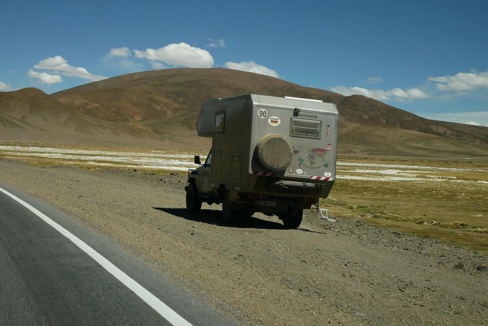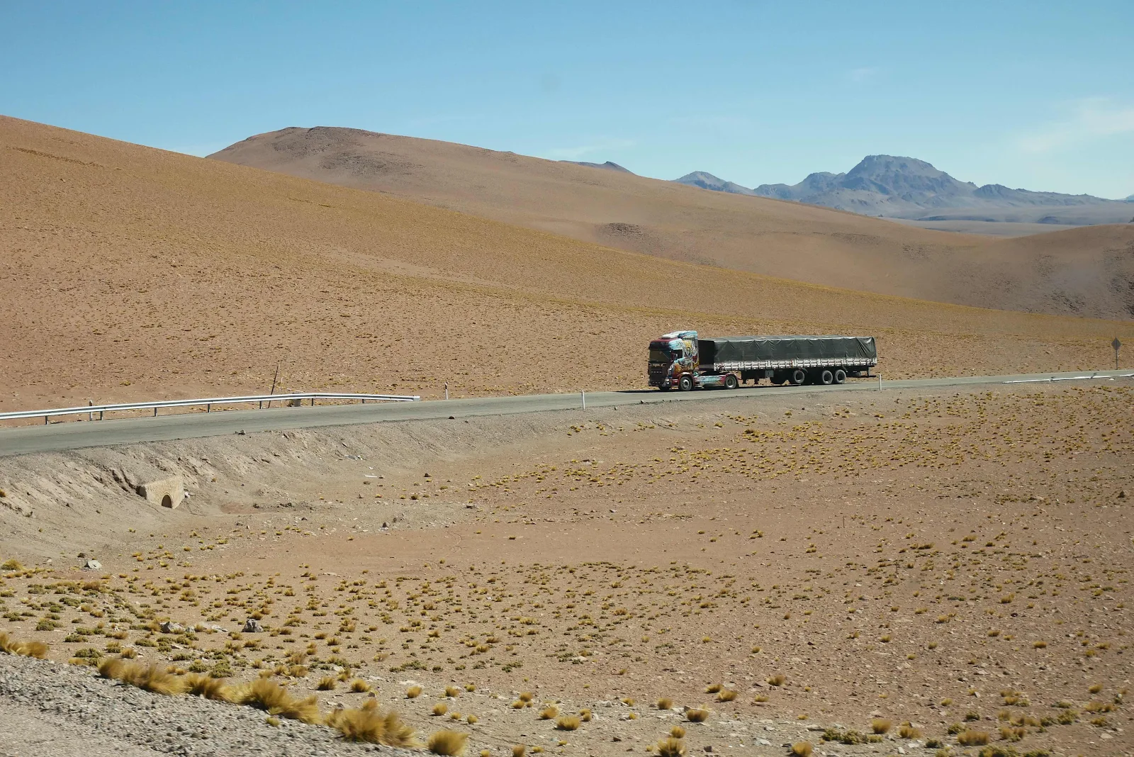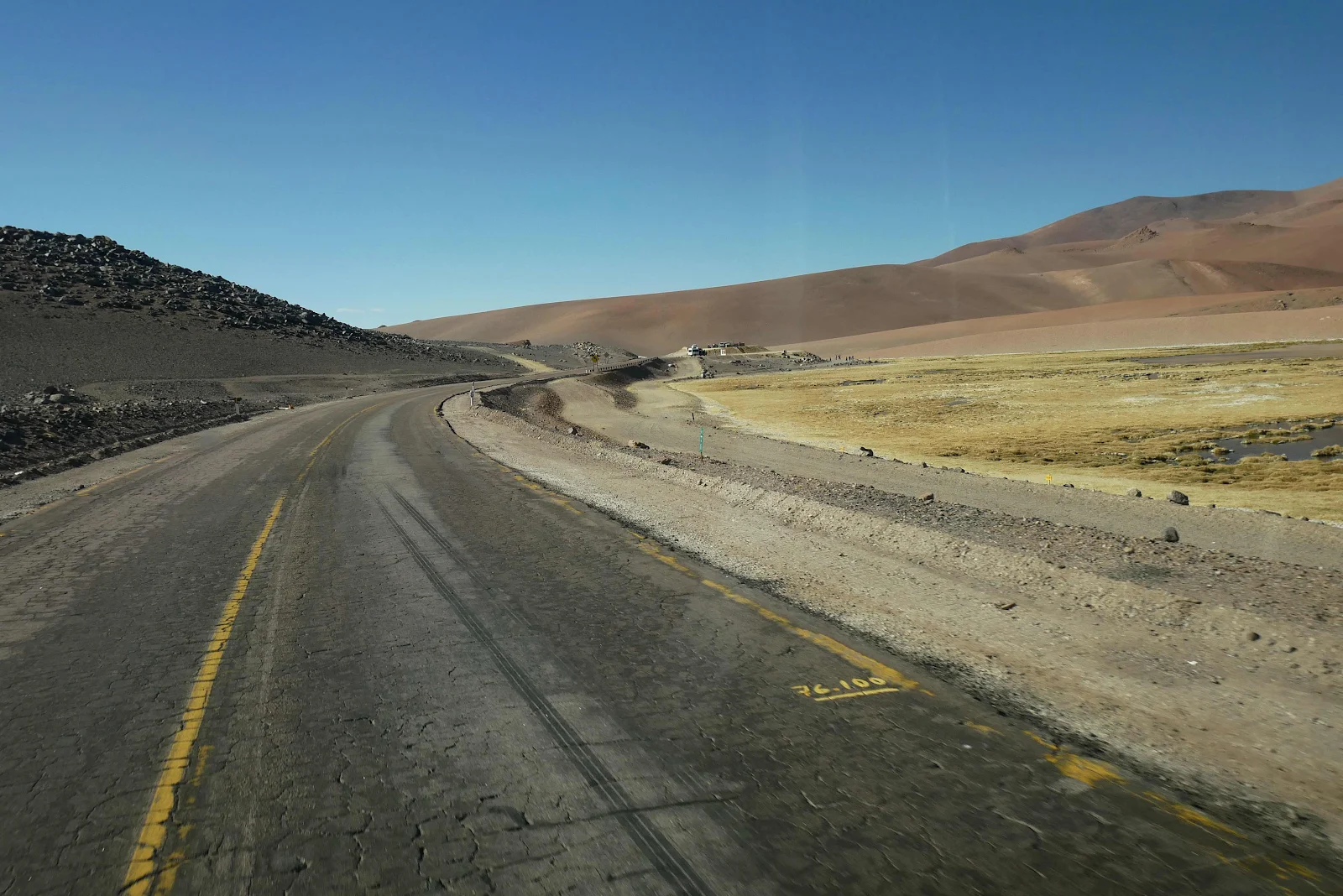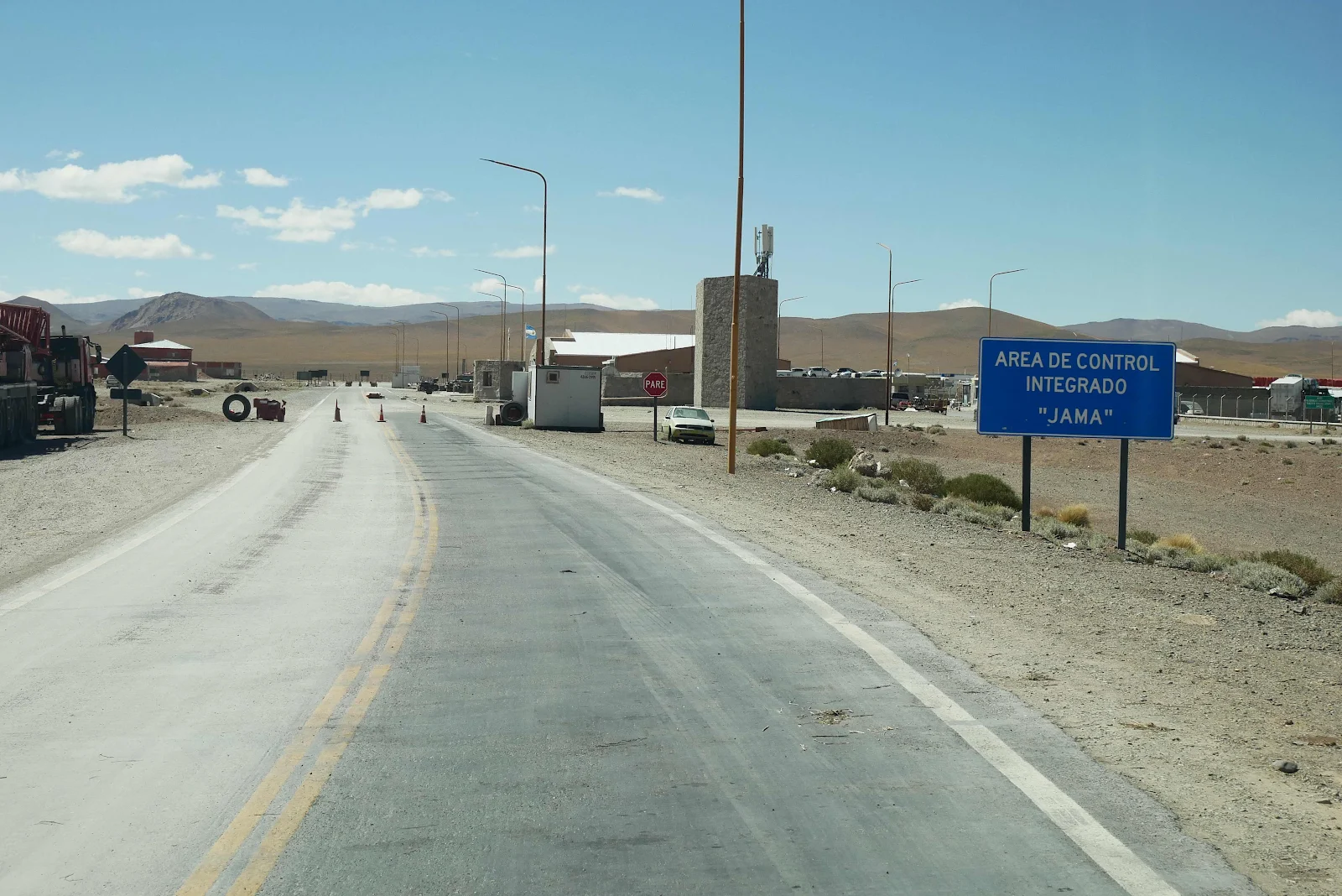 This is the actual border, a line crossing the highway on the descent to the customs post in the valley below at 13,500 feet.
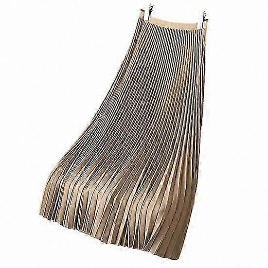 Vintage Midi Skirt for Women - High Waist A-Line Pleated Satin Skirt with Wide Elastic Waistband and Solid Color Design
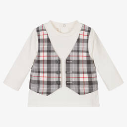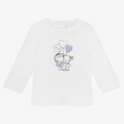 A charming puppy graphic T-shirt for boys by iDO, featuring a delightful dog motif that adds a playful touch. Crafted from soft and stretchy cotton jersey, this long-sleeved top provides comfort and ease of movement. The cosy cuffs and positive slogan prints enhance its cheerful appeal. With practical popper fastenings on smaller sizes, dressing is a breeze. Limited quantities available, making it a great choice for the cooler months.
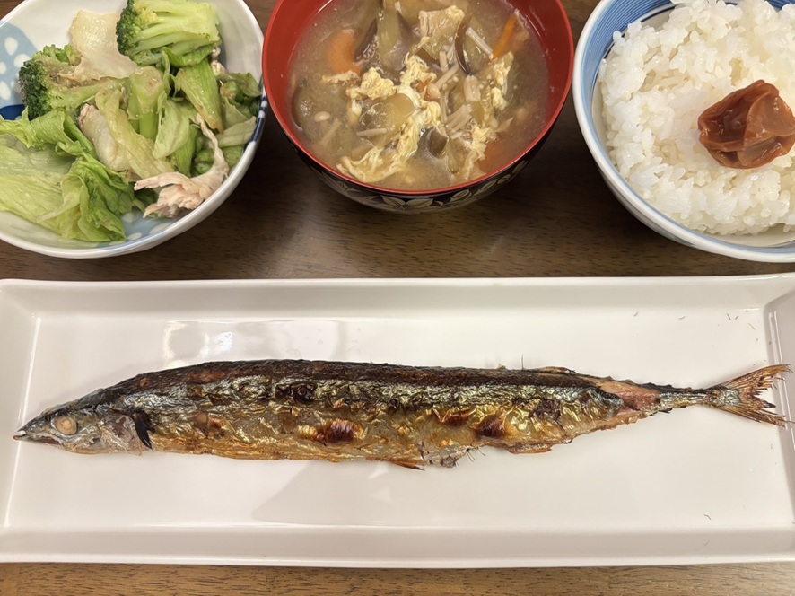 この日のメニューは秋刀魚!(大根おろし、スダチがあれば尚よかった
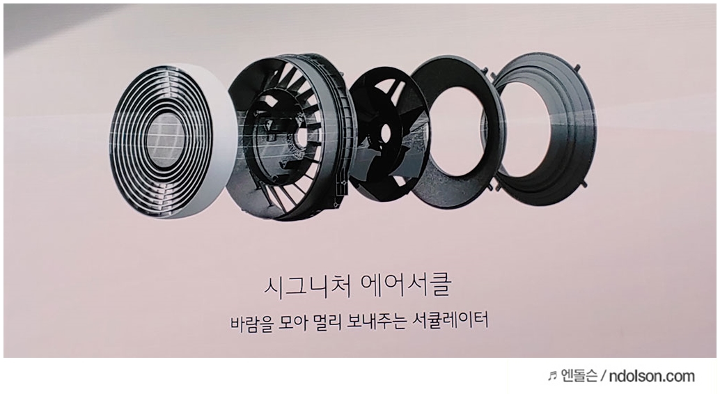 시그니처 에어 서클은 서큘레이터처럼 바람을 멀리까지 보낼 수 있게 되어 있습니다.
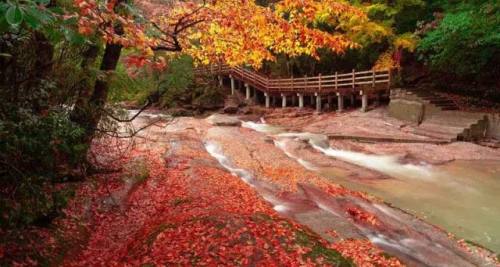 天然画廊:秋风拂过,落叶纷飞,姹紫嫣红,褚红地毯由浅变深,逐渐厚大,演变出变幻无穷的迷人画卷;
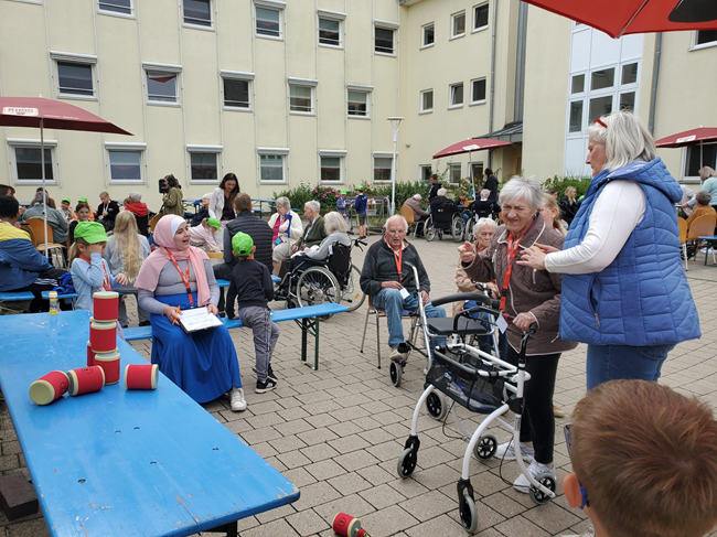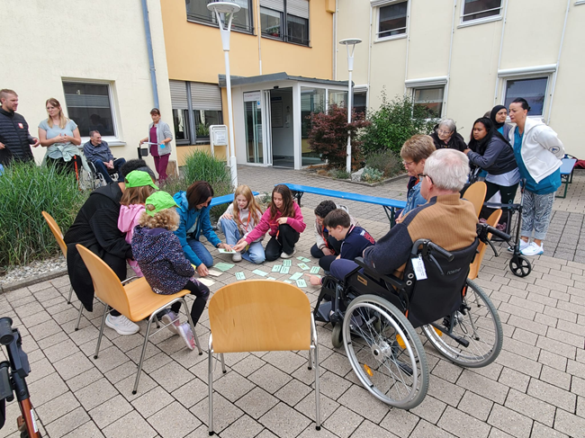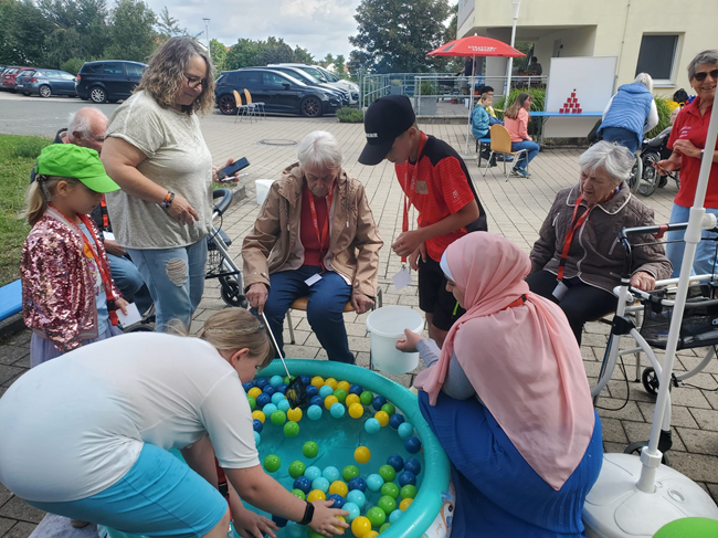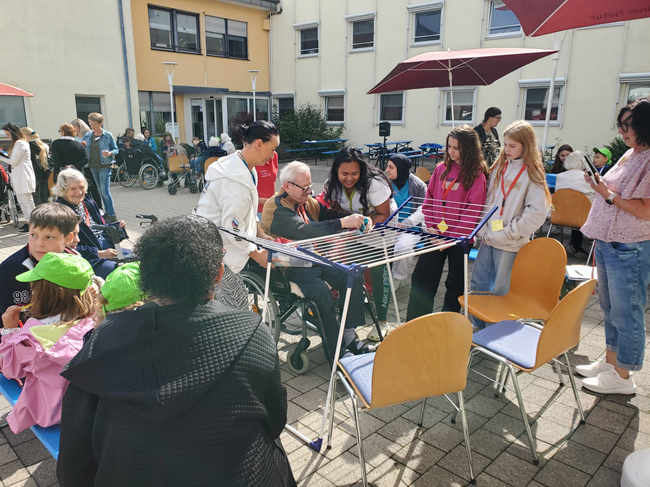 An verschiedenen Stationen – darunter Sockenaufhängen, Liederquiz, Dosenwerfen und viele weitere kreative Herausforderungen – mussten die gemischten Teams aus Jung und Alt ihr Geschick und vor allem ihren Teamgeist unter Beweis stellen. Anfangs herrschte in allen Altersgruppen noch eine gewisse Zurückhaltung und Skepsis, doch schon bald war das Eis gebrochen. Lachen, Anfeuern und gegenseitige Unterstützung bestimmten das Bild.
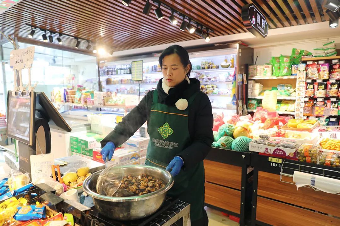 记者在供销益家西辛南区店看到,多种新鲜水果、蔬菜被整齐地摆放在货架上,品类齐全,量足价稳。市民挑选完货品后,工作人员及时补货。在店铺中央,工作人员正煮着热腾腾的鹌鹑蛋。“这两天比较冷,鹌鹑蛋含有丰富的蛋白质和多种维生素,买完就能吃。”供销益家西辛南区店工作人员说。
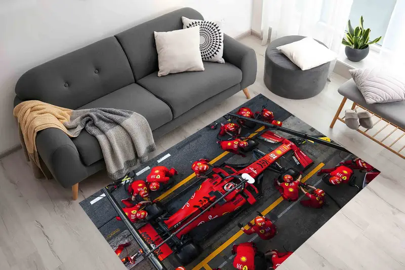 フェラーリ F1 にインスピレーションを得たプリント カー ラグ - シャルル・ルクレール デザイン
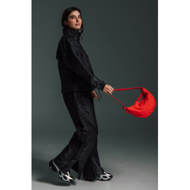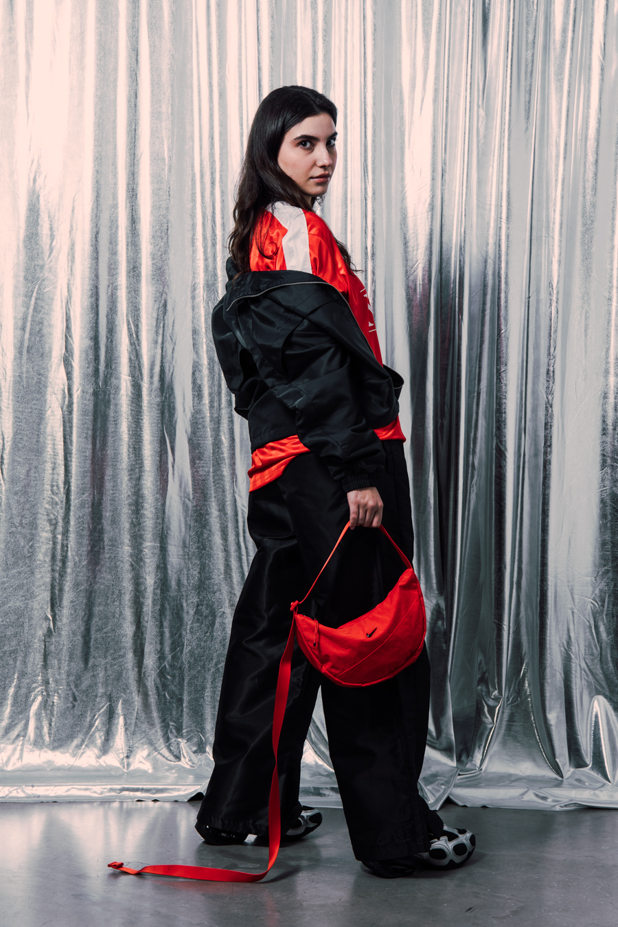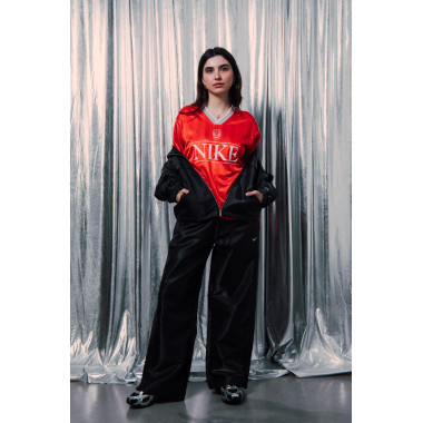 Bluza din aceeași colecție este piesa finală – minimalistă, dar cu o prezență puternică. Este una dintre acele piese care pur și simplu se simt ca fiind ale tale. Pe sub port tricoul clasic cu guler în V, un strat ușor și simplu, un detaliu mic dar important. Iar geanta Nike Aura Crescent Crossbody este accentul final. Compactă, funcțională și exact de dimensiunea potrivită pentru când sunt mereu în mișcare.
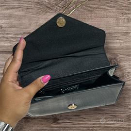 Dotata di tracolla a catena argentata removibile: può essere indossata a spalla o portata a mano.

- - - - - - -

- Task brief -
An exact copy of the lines above, from the first through the line that holds "Vintage Midi Skirt", is what is needed; leave the pictures out.

- Exercise solution -
 This is the actual border, a line crossing the highway on the descent to the customs post in the valley below at 13,500 feet.
 Vintage Midi Skirt for Women - High Waist A-Line Pleated Satin Skirt with Wide Elastic Waistband and Solid Color Design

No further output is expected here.